Brunswick Beacon, 11.10.22
In 2018, a Trump supporter mailed 16 bombs to Democrats, including Barack Obama, Joe Biden and Hillary Clinton. This last August, a Trump supporter died in a shootout after attacking an FBI office. Another Trump supporter broke into Nancy Pelosi’s house recently at 2 a.m., nearly murdering Paul Pelosi with a hammer. Screaming “Where’s Nancy,” he echoed cries of insurrectionists who trashed the Speaker’s office on Jan.6.
Trump’s insurrection failed, but his grip on Republicans tightened. When Trump shared a call for civil war, Republicans shrugged. An Economist/YouGov poll found 53% of Trump voters expect civil war within 10 years. A Washington Post poll found 40% of Republicans support violence against the government.
Trump came to Wilmington on Sept. 23 and accused Speaker Pelosi of “destroying our country” and bringing it “to the brink of ruin.” He dehumanized Democrats as “deranged, depraved, disgusting, menacing, vicious, sick, sinister, evil people.” Trump said, “This nation does not belong to them; it belongs to you.” He urged the crowd to fight, or “we’re not going to have a country left,” and praised their North Carolina ancestors as people who “took orders from nobody.” The MAGA-Republican crowd was delighted.
Studies show counties that hosted a 2016 Trump rally reported a 226% increase in hate crimes over comparable counties that didn’t.
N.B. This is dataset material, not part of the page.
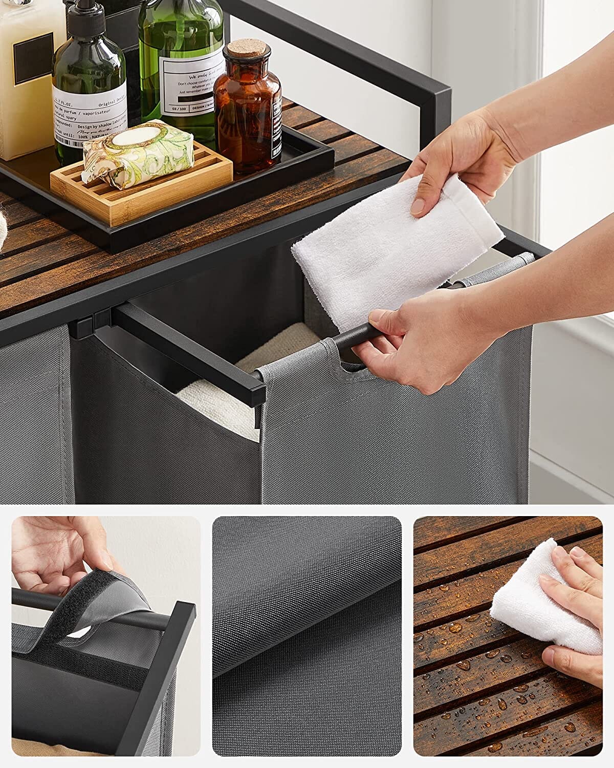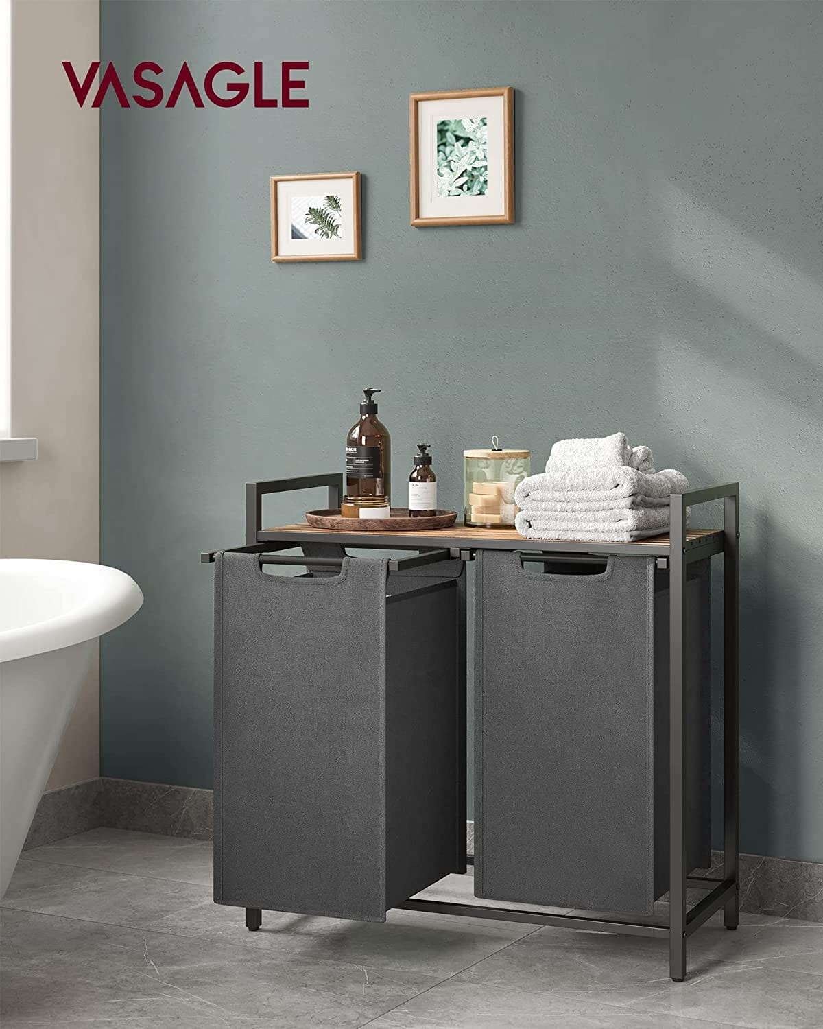 Denne elegante vasketøjskurv er fremstillet i en kombination af brune og grå farver og samler moderne stil og funktionalitet i én smuk pakke. Den leveres med to rum til at adskille rent og snavset tøj eller holde legetøj pænt - alt efter hvad du vælger! Den måler 73 x 33 x 72 cm og er rummelig nok til at opbevare mange ting uden at fylde for meget.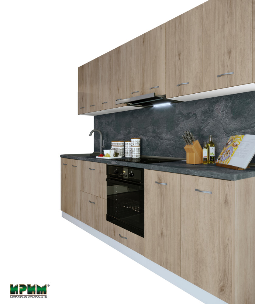 Модулната кухня Сити 9116 предлага модерна визия, функционално разпределение и удобство в ежедневната употреба. Изработена от висококачествено ПДЧ 16 мм с лице в цвят Сонома Арвен 629 и корпус бяло гладко, тя осигурява здравина, устойчивост и лесна поддръжка. Комплектът включва практични долни и горни модули с плавно затваряне, възможност за вграждане на мивка, фурна и аспиратор, както и удобно пространство за съхранение. Термоплотът в декор Галакси допълва съвременната визия и придава стилен завършен вид. Отличен избор за създаване на компактна, функционална и модерна кухня.

NBC reports threats against members of Congress increased 10-fold since 2016, when Trump first ran for president.
Political violence has struck both parties, but only Republicans embraced the violent insurrection as “legitimate political discourse.” Only Republicans like Ted Budd said, “It was nothing. It was just patriots standing up.” After the Pelosi attack, Republicans joked and Trump spread false conspiracy theories already debunked by the assailant’s confession and actual video of the break-in.
In a democracy, the will of the people is determined with ballots, not bullets. What Trump offers is not democracy…it’s lies, divisiveness, and violence.